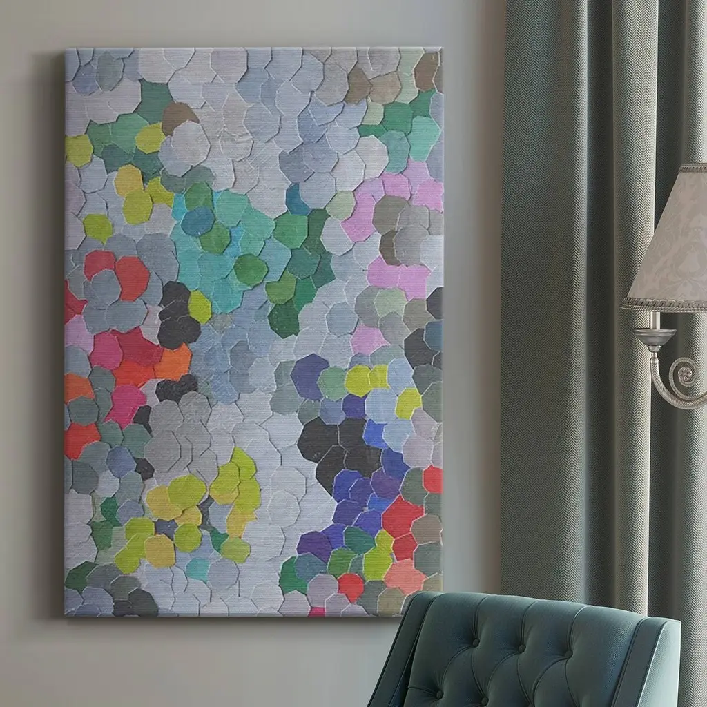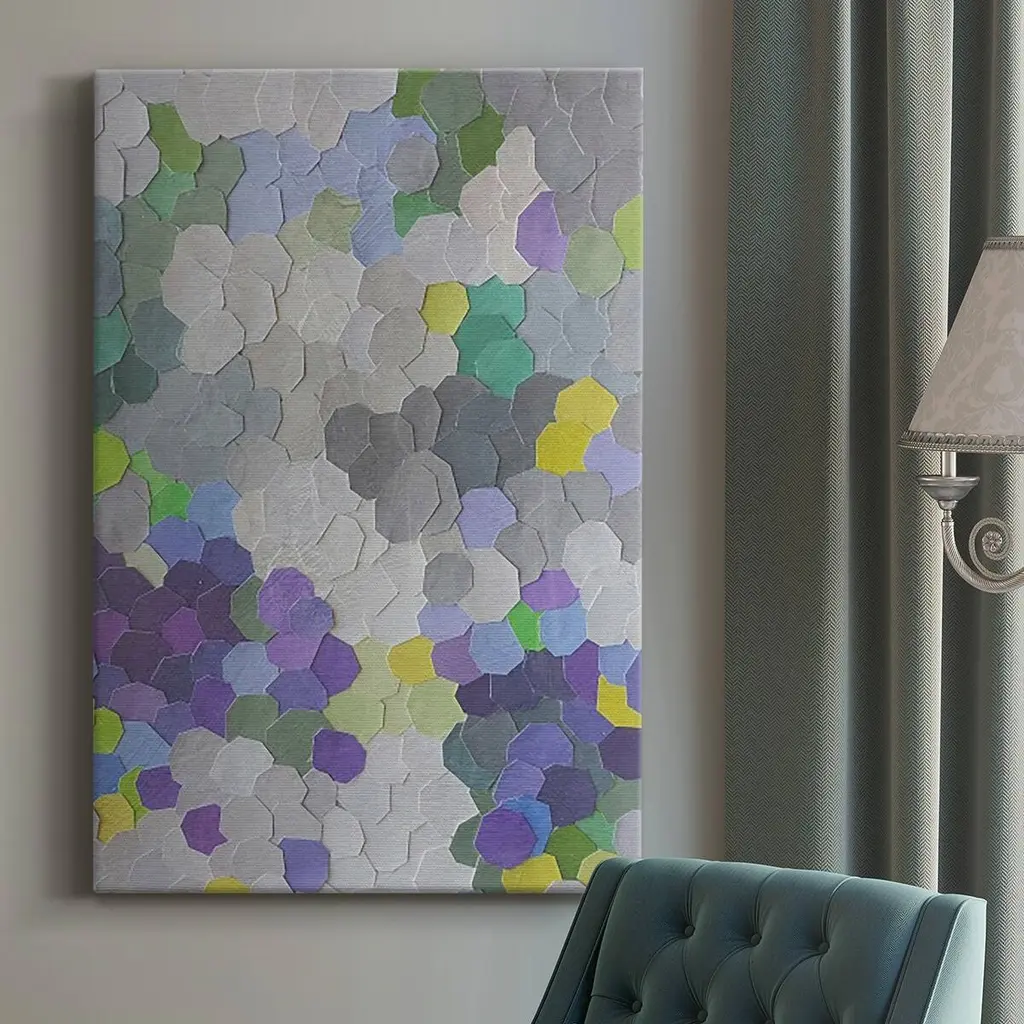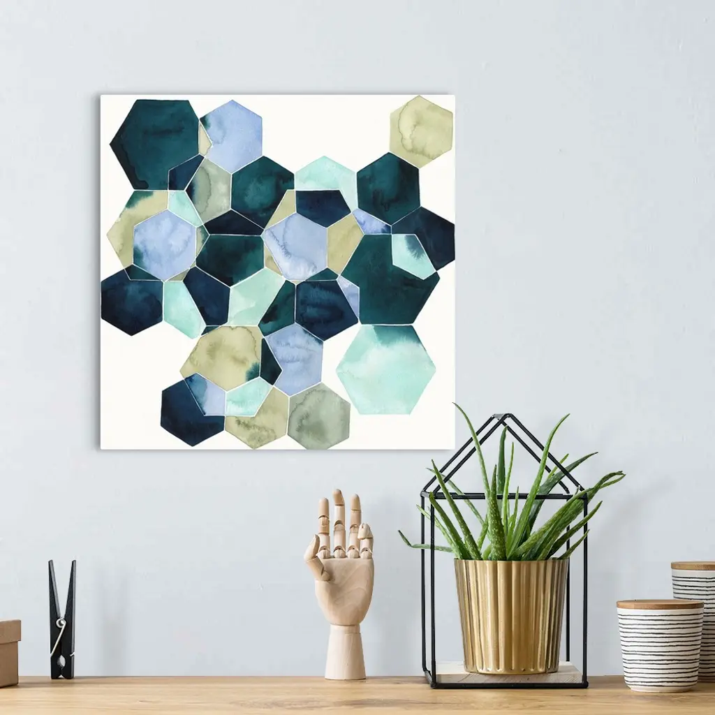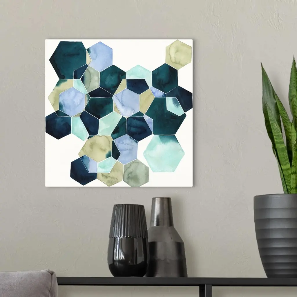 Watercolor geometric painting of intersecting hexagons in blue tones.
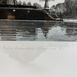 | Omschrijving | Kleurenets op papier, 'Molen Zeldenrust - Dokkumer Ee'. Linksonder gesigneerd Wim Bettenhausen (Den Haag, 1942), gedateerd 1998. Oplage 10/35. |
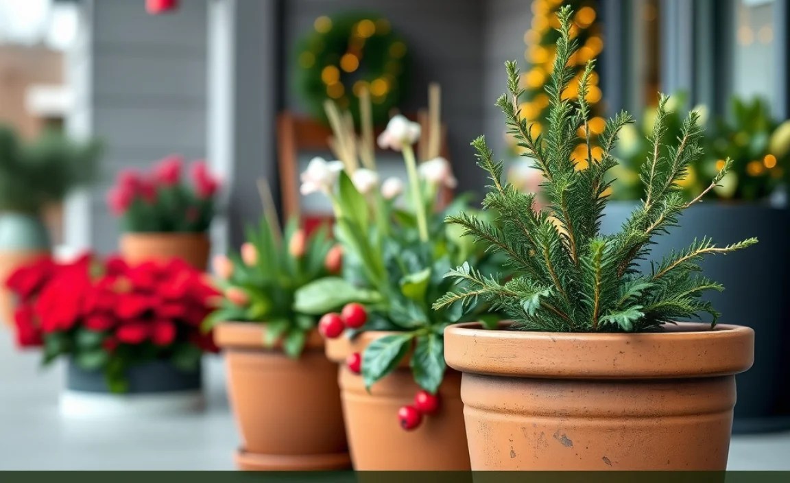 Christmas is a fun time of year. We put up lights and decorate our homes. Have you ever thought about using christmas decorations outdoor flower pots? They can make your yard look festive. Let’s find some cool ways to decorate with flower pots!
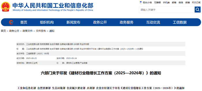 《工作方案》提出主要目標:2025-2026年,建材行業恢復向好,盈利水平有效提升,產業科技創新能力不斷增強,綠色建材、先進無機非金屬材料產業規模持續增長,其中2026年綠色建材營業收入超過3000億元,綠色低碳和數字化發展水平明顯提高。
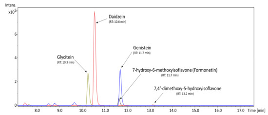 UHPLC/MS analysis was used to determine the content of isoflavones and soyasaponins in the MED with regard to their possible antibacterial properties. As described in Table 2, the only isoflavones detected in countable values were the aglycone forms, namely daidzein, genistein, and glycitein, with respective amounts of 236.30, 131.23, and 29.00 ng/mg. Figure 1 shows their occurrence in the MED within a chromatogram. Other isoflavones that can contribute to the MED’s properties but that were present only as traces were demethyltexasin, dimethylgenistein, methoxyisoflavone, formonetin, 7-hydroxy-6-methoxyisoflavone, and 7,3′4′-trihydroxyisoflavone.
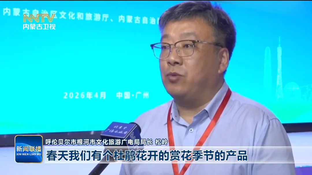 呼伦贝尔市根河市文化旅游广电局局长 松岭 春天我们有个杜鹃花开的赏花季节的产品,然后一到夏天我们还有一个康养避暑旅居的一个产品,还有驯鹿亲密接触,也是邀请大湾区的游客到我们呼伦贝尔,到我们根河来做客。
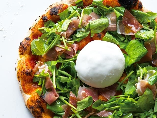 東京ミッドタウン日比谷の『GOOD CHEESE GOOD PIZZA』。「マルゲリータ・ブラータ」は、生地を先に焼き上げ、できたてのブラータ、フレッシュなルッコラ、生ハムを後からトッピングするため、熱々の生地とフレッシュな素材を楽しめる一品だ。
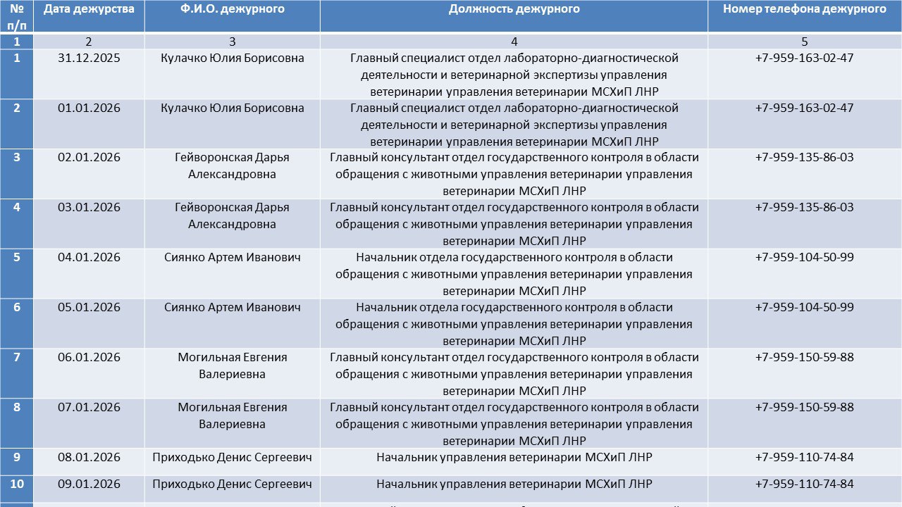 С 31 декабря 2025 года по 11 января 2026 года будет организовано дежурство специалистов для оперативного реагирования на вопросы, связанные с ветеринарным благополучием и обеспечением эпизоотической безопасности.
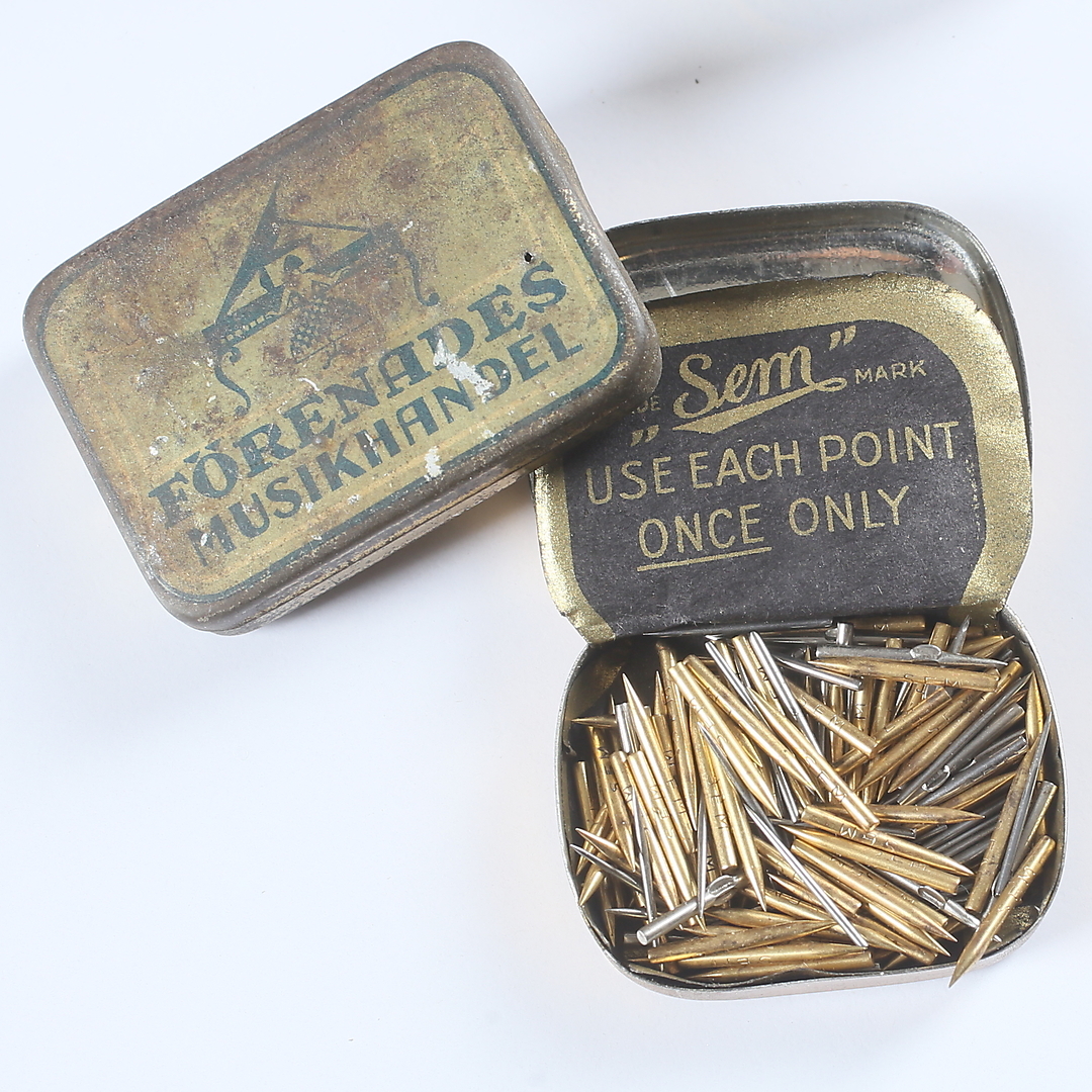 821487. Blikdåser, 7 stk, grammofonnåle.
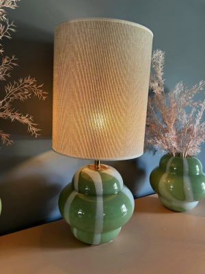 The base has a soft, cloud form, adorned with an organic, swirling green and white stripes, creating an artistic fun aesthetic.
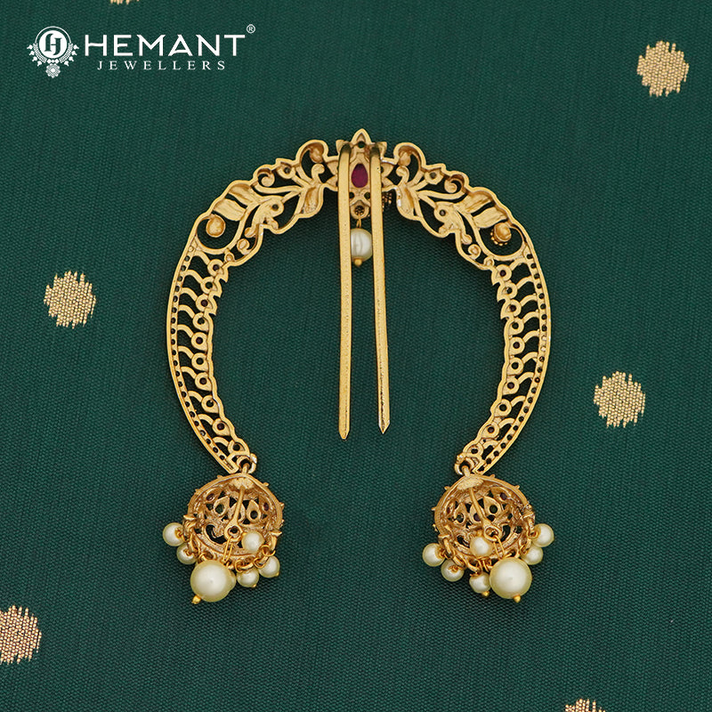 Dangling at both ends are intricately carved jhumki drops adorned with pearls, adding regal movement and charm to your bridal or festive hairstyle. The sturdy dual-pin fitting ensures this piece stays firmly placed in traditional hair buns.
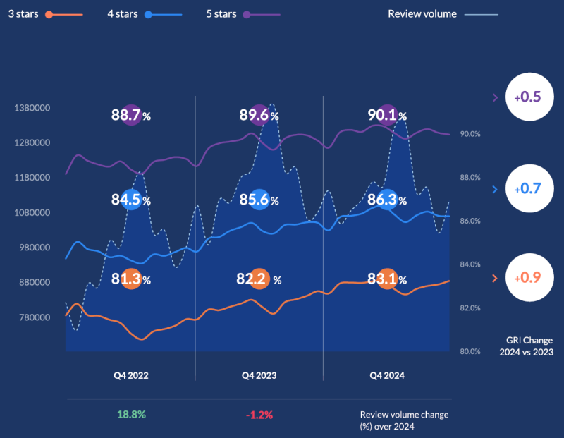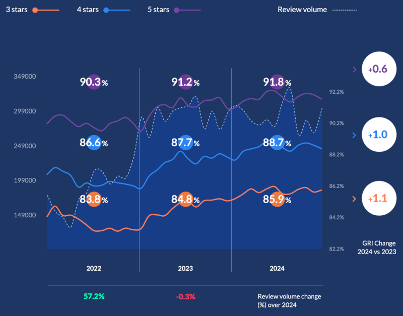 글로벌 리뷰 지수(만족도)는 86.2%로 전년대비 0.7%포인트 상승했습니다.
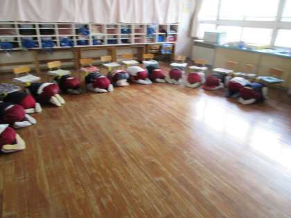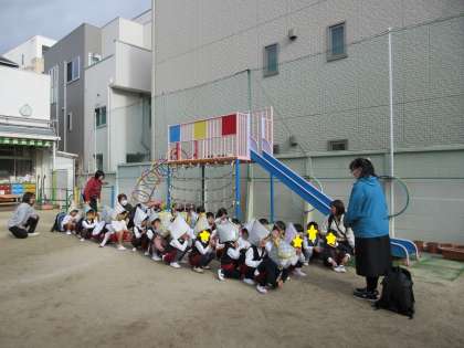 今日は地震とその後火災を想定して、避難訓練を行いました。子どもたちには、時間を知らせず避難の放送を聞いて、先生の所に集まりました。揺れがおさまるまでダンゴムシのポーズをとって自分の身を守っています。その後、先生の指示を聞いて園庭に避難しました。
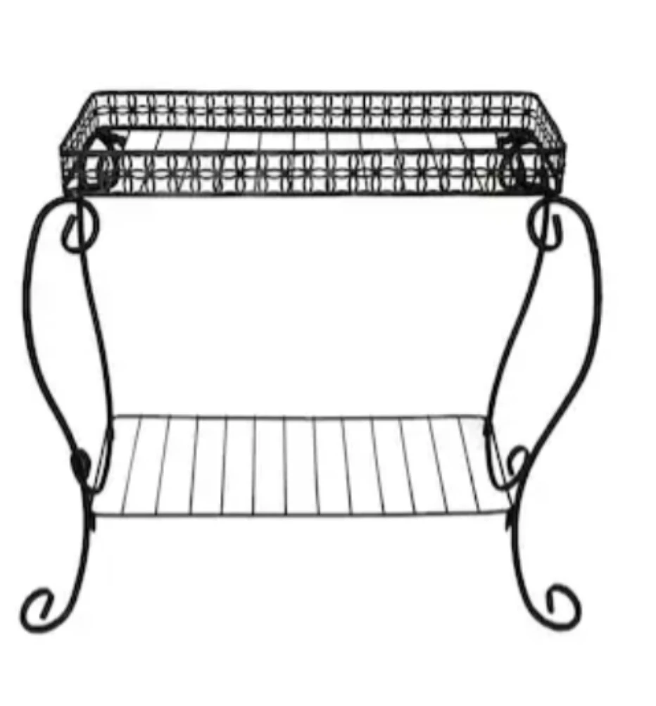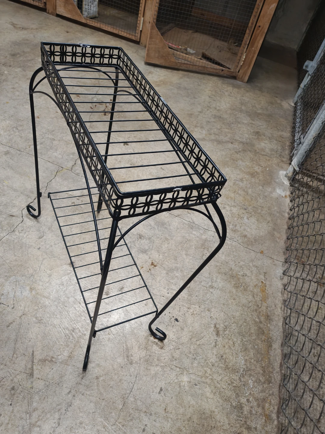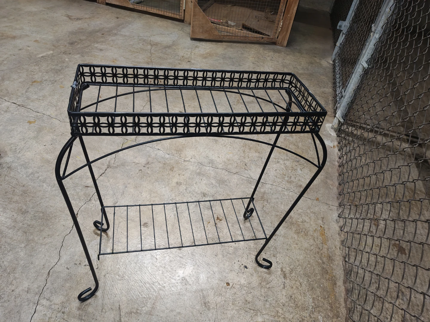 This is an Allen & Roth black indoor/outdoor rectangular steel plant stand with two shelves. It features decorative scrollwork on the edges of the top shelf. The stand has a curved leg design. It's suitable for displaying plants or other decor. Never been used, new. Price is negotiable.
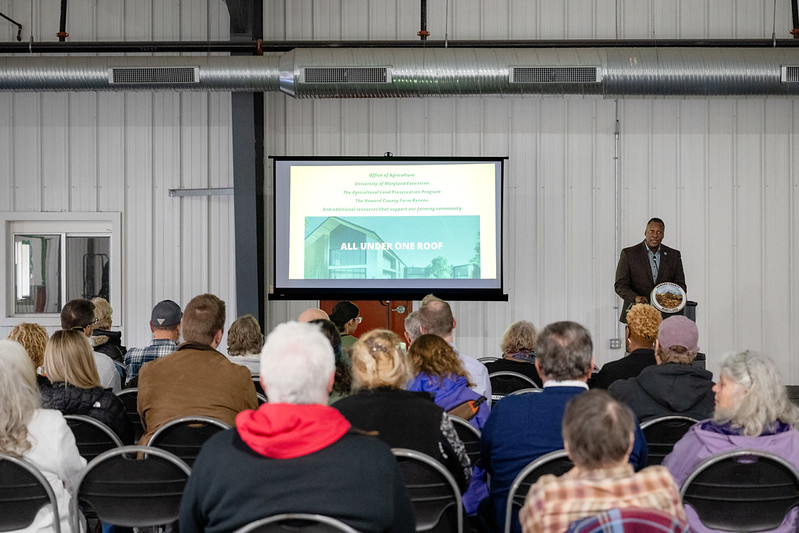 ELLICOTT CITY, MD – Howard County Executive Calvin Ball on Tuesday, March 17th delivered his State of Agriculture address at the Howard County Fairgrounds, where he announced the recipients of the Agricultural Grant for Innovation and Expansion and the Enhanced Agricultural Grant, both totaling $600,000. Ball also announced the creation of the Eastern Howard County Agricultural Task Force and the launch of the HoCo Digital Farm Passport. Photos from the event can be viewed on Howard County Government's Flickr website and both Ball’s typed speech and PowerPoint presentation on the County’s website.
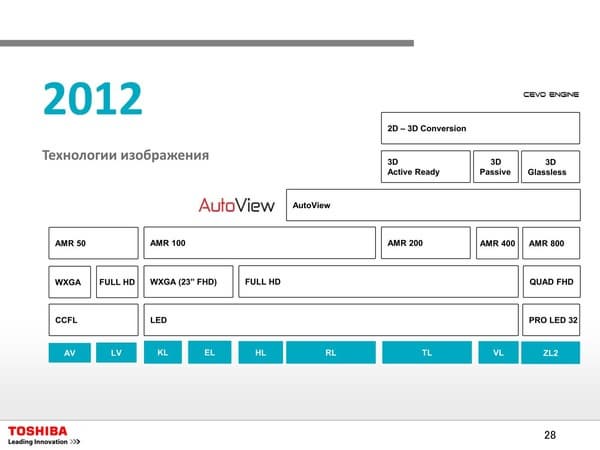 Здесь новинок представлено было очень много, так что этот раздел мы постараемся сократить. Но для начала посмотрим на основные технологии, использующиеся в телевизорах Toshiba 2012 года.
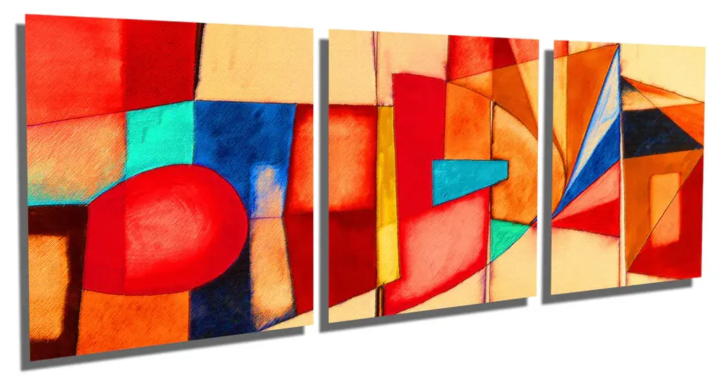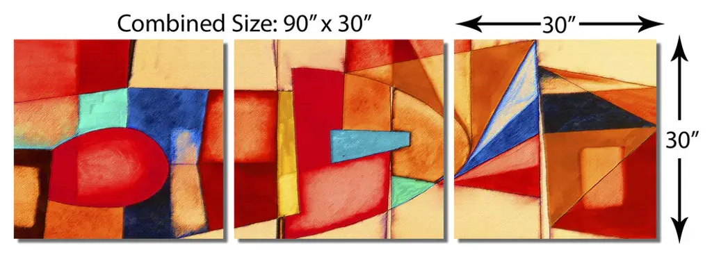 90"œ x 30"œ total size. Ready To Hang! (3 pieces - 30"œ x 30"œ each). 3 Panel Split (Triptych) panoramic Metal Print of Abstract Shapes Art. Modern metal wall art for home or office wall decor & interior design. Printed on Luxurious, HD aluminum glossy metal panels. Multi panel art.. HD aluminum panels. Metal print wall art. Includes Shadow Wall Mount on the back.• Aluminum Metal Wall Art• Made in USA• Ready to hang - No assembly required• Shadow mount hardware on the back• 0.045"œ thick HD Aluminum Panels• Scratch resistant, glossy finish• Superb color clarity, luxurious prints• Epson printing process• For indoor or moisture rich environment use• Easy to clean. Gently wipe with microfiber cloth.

---

An exact copy of the entries above is needed, with the pictures removed.

Answer to this problem —
 Watercolor geometric painting of intersecting hexagons in blue tones.
 | Omschrijving | Kleurenets op papier, 'Molen Zeldenrust - Dokkumer Ee'. Linksonder gesigneerd Wim Bettenhausen (Den Haag, 1942), gedateerd 1998. Oplage 10/35. |
 Christmas is a fun time of year. We put up lights and decorate our homes. Have you ever thought about using christmas decorations outdoor flower pots? They can make your yard look festive. Let’s find some cool ways to decorate with flower pots!
 《工作方案》提出主要目標:2025-2026年,建材行業恢復向好,盈利水平有效提升,產業科技創新能力不斷增強,綠色建材、先進無機非金屬材料產業規模持續增長,其中2026年綠色建材營業收入超過3000億元,綠色低碳和數字化發展水平明顯提高。
 UHPLC/MS analysis was used to determine the content of isoflavones and soyasaponins in the MED with regard to their possible antibacterial properties. As described in Table 2, the only isoflavones detected in countable values were the aglycone forms, namely daidzein, genistein, and glycitein, with respective amounts of 236.30, 131.23, and 29.00 ng/mg. Figure 1 shows their occurrence in the MED within a chromatogram. Other isoflavones that can contribute to the MED’s properties but that were present only as traces were demethyltexasin, dimethylgenistein, methoxyisoflavone, formonetin, 7-hydroxy-6-methoxyisoflavone, and 7,3′4′-trihydroxyisoflavone.
 呼伦贝尔市根河市文化旅游广电局局长 松岭 春天我们有个杜鹃花开的赏花季节的产品,然后一到夏天我们还有一个康养避暑旅居的一个产品,还有驯鹿亲密接触,也是邀请大湾区的游客到我们呼伦贝尔,到我们根河来做客。
 東京ミッドタウン日比谷の『GOOD CHEESE GOOD PIZZA』。「マルゲリータ・ブラータ」は、生地を先に焼き上げ、できたてのブラータ、フレッシュなルッコラ、生ハムを後からトッピングするため、熱々の生地とフレッシュな素材を楽しめる一品だ。
 С 31 декабря 2025 года по 11 января 2026 года будет организовано дежурство специалистов для оперативного реагирования на вопросы, связанные с ветеринарным благополучием и обеспечением эпизоотической безопасности.
 821487. Blikdåser, 7 stk, grammofonnåle.
 The base has a soft, cloud form, adorned with an organic, swirling green and white stripes, creating an artistic fun aesthetic.
 Dangling at both ends are intricately carved jhumki drops adorned with pearls, adding regal movement and charm to your bridal or festive hairstyle. The sturdy dual-pin fitting ensures this piece stays firmly placed in traditional hair buns.
 글로벌 리뷰 지수(만족도)는 86.2%로 전년대비 0.7%포인트 상승했습니다.
 今日は地震とその後火災を想定して、避難訓練を行いました。子どもたちには、時間を知らせず避難の放送を聞いて、先生の所に集まりました。揺れがおさまるまでダンゴムシのポーズをとって自分の身を守っています。その後、先生の指示を聞いて園庭に避難しました。
 This is an Allen & Roth black indoor/outdoor rectangular steel plant stand with two shelves. It features decorative scrollwork on the edges of the top shelf. The stand has a curved leg design. It's suitable for displaying plants or other decor. Never been used, new. Price is negotiable.
 ELLICOTT CITY, MD – Howard County Executive Calvin Ball on Tuesday, March 17th delivered his State of Agriculture address at the Howard County Fairgrounds, where he announced the recipients of the Agricultural Grant for Innovation and Expansion and the Enhanced Agricultural Grant, both totaling $600,000. Ball also announced the creation of the Eastern Howard County Agricultural Task Force and the launch of the HoCo Digital Farm Passport. Photos from the event can be viewed on Howard County Government's Flickr website and both Ball’s typed speech and PowerPoint presentation on the County’s website.
 Здесь новинок представлено было очень много, так что этот раздел мы постараемся сократить. Но для начала посмотрим на основные технологии, использующиеся в телевизорах Toshiba 2012 года.
 90"œ x 30"œ total size. Ready To Hang! (3 pieces - 30"œ x 30"œ each). 3 Panel Split (Triptych) panoramic Metal Print of Abstract Shapes Art. Modern metal wall art for home or office wall decor & interior design. Printed on Luxurious, HD aluminum glossy metal panels. Multi panel art.. HD aluminum panels. Metal print wall art. Includes Shadow Wall Mount on the back.• Aluminum Metal Wall Art• Made in USA• Ready to hang - No assembly required• Shadow mount hardware on the back• 0.045"œ thick HD Aluminum Panels• Scratch resistant, glossy finish• Superb color clarity, luxurious prints• Epson printing process• For indoor or moisture rich environment use• Easy to clean. Gently wipe with microfiber cloth.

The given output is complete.